Segment Start: DATA SHOWN
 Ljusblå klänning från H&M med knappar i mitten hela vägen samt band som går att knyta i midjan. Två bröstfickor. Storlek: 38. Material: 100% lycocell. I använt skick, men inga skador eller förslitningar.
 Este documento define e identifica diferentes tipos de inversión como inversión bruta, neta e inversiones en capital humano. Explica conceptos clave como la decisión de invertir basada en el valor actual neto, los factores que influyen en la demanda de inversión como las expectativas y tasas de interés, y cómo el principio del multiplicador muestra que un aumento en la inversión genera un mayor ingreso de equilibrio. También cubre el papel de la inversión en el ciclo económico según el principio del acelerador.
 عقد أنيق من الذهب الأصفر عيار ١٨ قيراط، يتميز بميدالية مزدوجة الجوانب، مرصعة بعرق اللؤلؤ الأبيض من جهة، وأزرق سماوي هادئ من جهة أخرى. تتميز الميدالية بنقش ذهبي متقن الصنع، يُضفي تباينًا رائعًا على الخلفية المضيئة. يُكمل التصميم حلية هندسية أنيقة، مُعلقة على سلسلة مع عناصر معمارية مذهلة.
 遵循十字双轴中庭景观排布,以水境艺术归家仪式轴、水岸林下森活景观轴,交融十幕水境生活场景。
Segment End: DATA SHOWN
Segment Start: DATA SHOWN
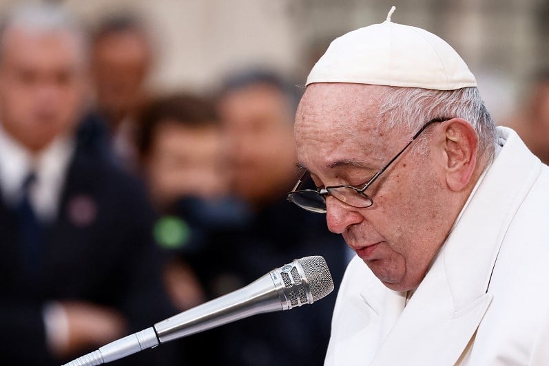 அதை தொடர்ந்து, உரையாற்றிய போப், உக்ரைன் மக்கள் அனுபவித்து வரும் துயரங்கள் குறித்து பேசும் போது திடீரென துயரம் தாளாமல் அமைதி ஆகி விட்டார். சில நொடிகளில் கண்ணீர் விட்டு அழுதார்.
Segment End: DATA SHOWN
- EXERCISE DESCRIPTION:
Keep both end lines and retype everything in the records above from the line containing "عقد أنيق من" through the line containing "遵循十字双轴中庭景观排布,以", exactly, with nothing else.

- ANSWER SECTION:
 عقد أنيق من الذهب الأصفر عيار ١٨ قيراط، يتميز بميدالية مزدوجة الجوانب، مرصعة بعرق اللؤلؤ الأبيض من جهة، وأزرق سماوي هادئ من جهة أخرى. تتميز الميدالية بنقش ذهبي متقن الصنع، يُضفي تباينًا رائعًا على الخلفية المضيئة. يُكمل التصميم حلية هندسية أنيقة، مُعلقة على سلسلة مع عناصر معمارية مذهلة.
 遵循十字双轴中庭景观排布,以水境艺术归家仪式轴、水岸林下森活景观轴,交融十幕水境生活场景。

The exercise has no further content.